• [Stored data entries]
##############################

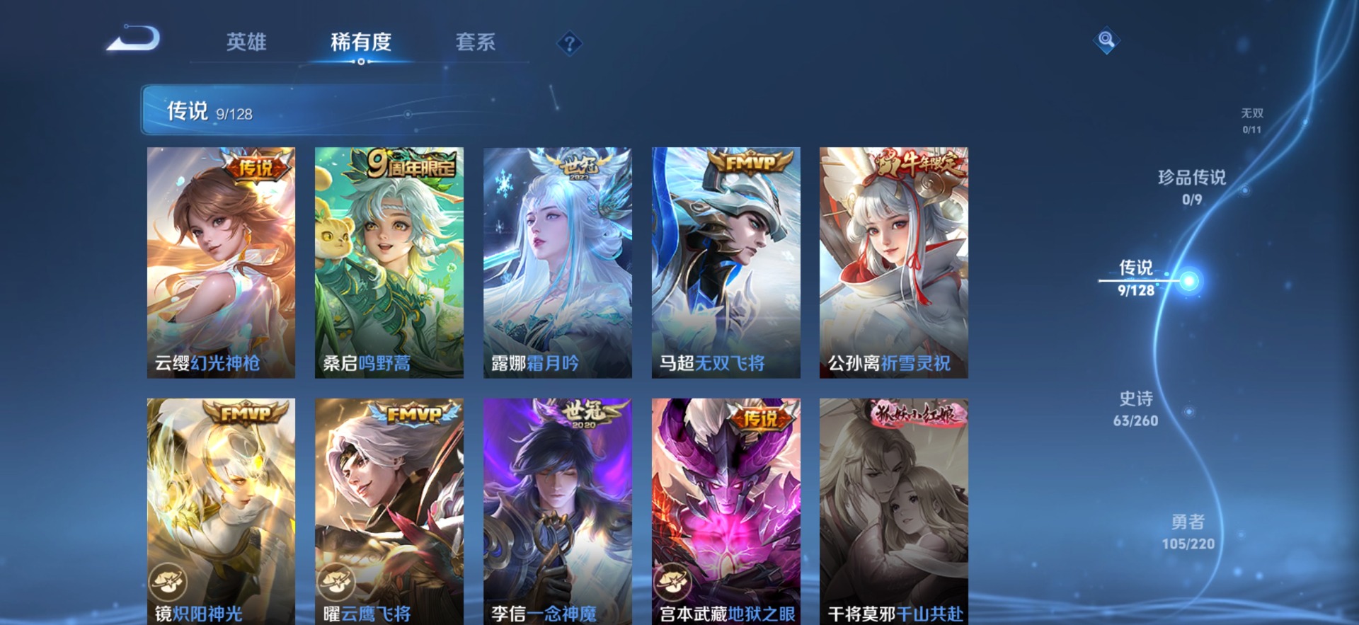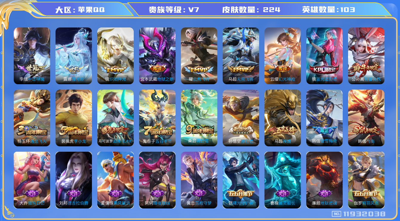 - [12002225]V7 1典藏 1珍品传说 9传说 125英雄 203皮肤 可修改实名 优质装备:鸣剑·曳影,怪盗基德,炽阳神光,山海·炽霜斩(李信年限) 传说皮:祥瑞亨通,幻光神枪 珍宝阁皮:万物之道,蔷薇恋人 限定皮:愿照·九州拓(澜年限),愿照·岁时盈(虞姬年限),愿照·山河定(司空震年限),鸣野蒿,遇见飞天,诗剑行,五谷丰年,李小龙,山海·玄木吟(马可年限) 史诗皮:星界战将,龙之律动,茶境仙,怒海争锋,破空之剑,蒙犽顽岩魄,百相守梦-百里守约,紫霞仙子,苍穹之光,电玩小子(小书包),黄金分割率,特工魅影,江河有灵,真我赫兹(镜),魅语,百解令(蒙犽),蒙恬荣光圣徽,偶像歌手,白蛇,电玩·爆裂旋风,末日机甲-吕布,乱世虎臣,节奏热浪,摇滚巨星,水果甜心,星夜王子,心灵骇客,功夫厨神,暗隐猎兽者,幽灵船长,鬼剑武藏,天秀·启明,缤纷独角兽,乘风破浪,逐浪之夏,月团寄思,水晶猎龙者,曙光守护者,箭羽风息,唤灵魅影,金属风暴,原初追逐者,圣诞狂欢,圣诞恋歌,鹰眼统帅,黎明之约,赏金猎手,无心,未来纪元-赵云
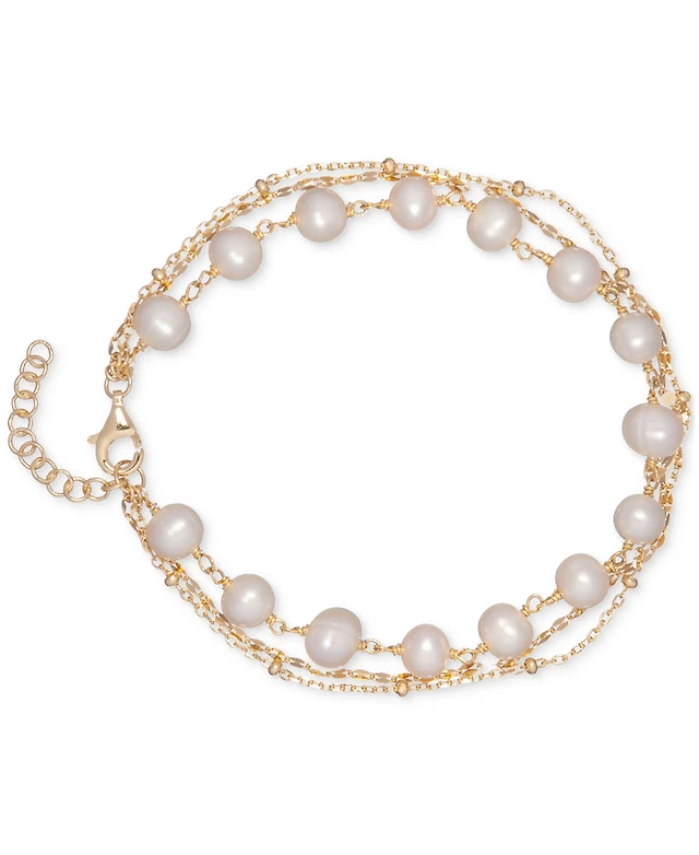 Cultured Freshwater Pearl (6mm) Triple-Strand Bracelet in 18k Gold-Plated Sterling Silver
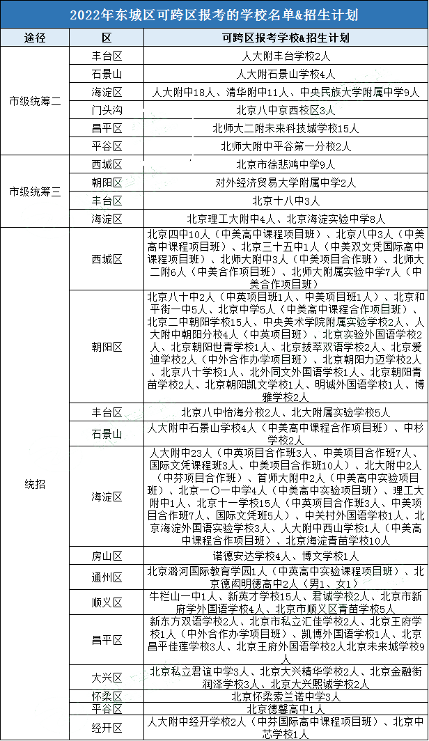 1、城六区是北京优质教育资源的集中地,在北京中考锁区的大环境下,为了向郊区教育薄弱地倾斜,北京城六区在招生计划中会向郊区进行跨区招生,通常跨区途径包括:市级统筹,校额到校等。
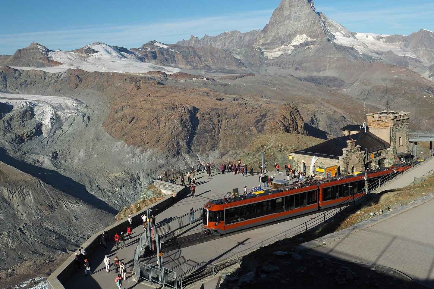 Почувствуйте волшебство природной красоты Церматта на захватывающем альпийском приключении с гидом! Начните своё путешествие с 30-минутной поездки на знаменитом зубчатом поезде до станции Горнерграт. Во время подъема насладитесь живописными видами мостов, туннелей и водопадов на фоне величественного Маттерхорна.
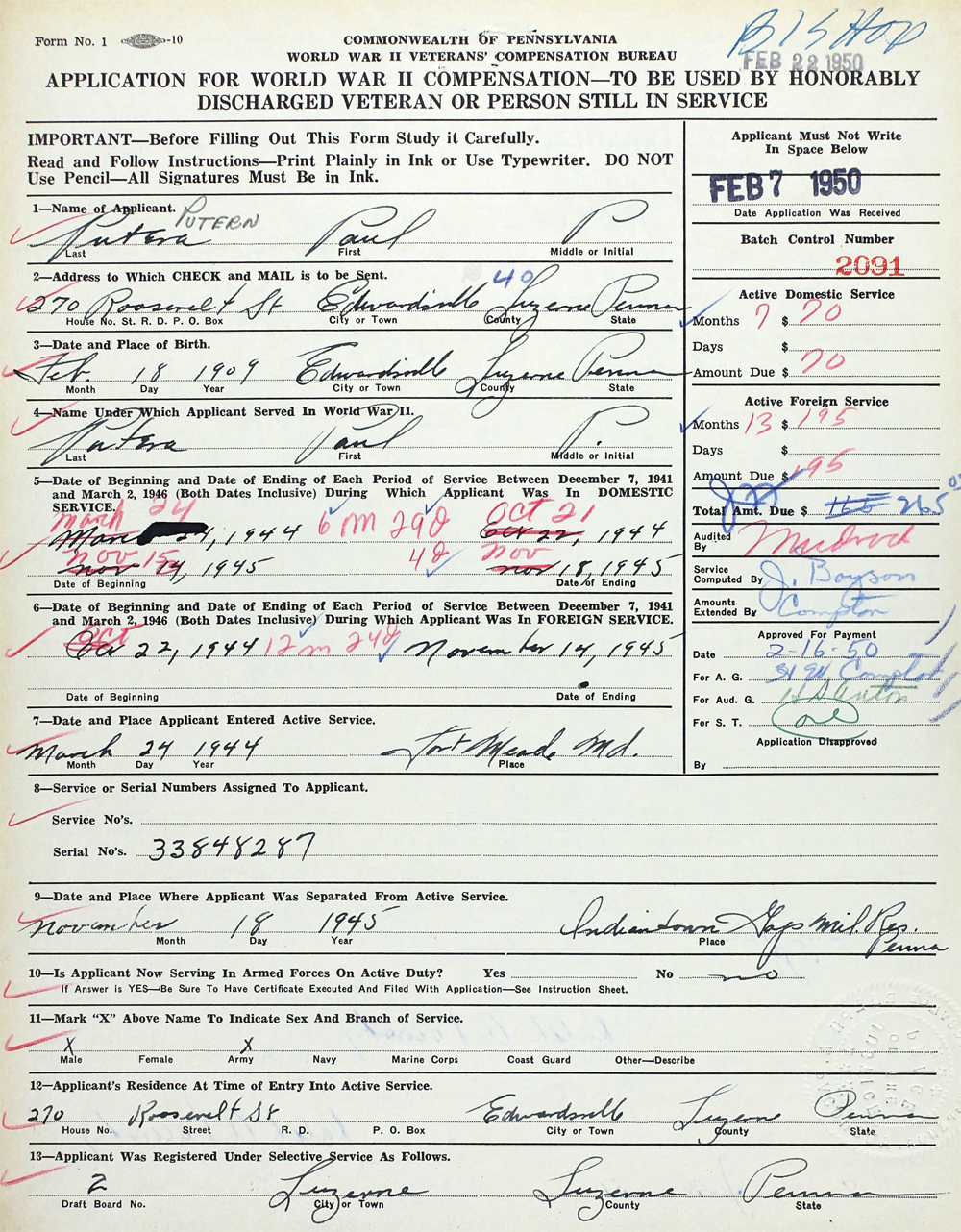 Released from duty: 18 Nov 1945
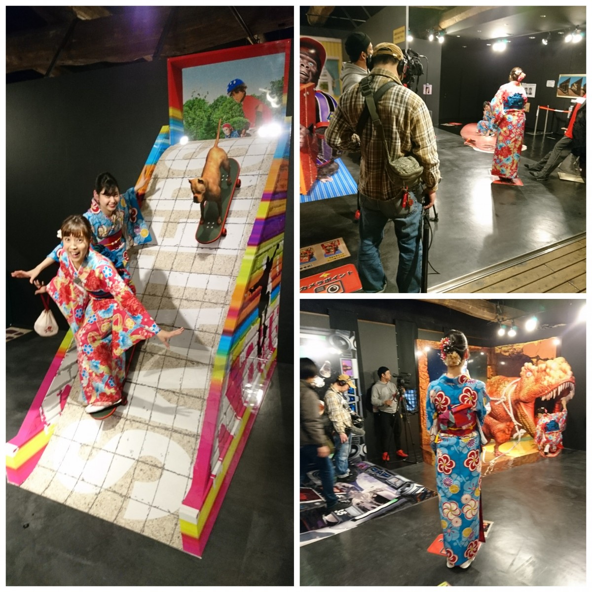 綺麗な着物姿のお二人がトリック3Dアートを体験しながら紹介してくれています☆

##############################

• [WHAT YOU NEED TO DO]
Give again, exactly, the lines starting at the first entry above and ending at the line with "Cultured Freshwater Pearl"; please leave pictures out.

• [RESPONSE BELOW]
 - [12002225]V7 1典藏 1珍品传说 9传说 125英雄 203皮肤 可修改实名 优质装备:鸣剑·曳影,怪盗基德,炽阳神光,山海·炽霜斩(李信年限) 传说皮:祥瑞亨通,幻光神枪 珍宝阁皮:万物之道,蔷薇恋人 限定皮:愿照·九州拓(澜年限),愿照·岁时盈(虞姬年限),愿照·山河定(司空震年限),鸣野蒿,遇见飞天,诗剑行,五谷丰年,李小龙,山海·玄木吟(马可年限) 史诗皮:星界战将,龙之律动,茶境仙,怒海争锋,破空之剑,蒙犽顽岩魄,百相守梦-百里守约,紫霞仙子,苍穹之光,电玩小子(小书包),黄金分割率,特工魅影,江河有灵,真我赫兹(镜),魅语,百解令(蒙犽),蒙恬荣光圣徽,偶像歌手,白蛇,电玩·爆裂旋风,末日机甲-吕布,乱世虎臣,节奏热浪,摇滚巨星,水果甜心,星夜王子,心灵骇客,功夫厨神,暗隐猎兽者,幽灵船长,鬼剑武藏,天秀·启明,缤纷独角兽,乘风破浪,逐浪之夏,月团寄思,水晶猎龙者,曙光守护者,箭羽风息,唤灵魅影,金属风暴,原初追逐者,圣诞狂欢,圣诞恋歌,鹰眼统帅,黎明之约,赏金猎手,无心,未来纪元-赵云
 Cultured Freshwater Pearl (6mm) Triple-Strand Bracelet in 18k Gold-Plated Sterling Silver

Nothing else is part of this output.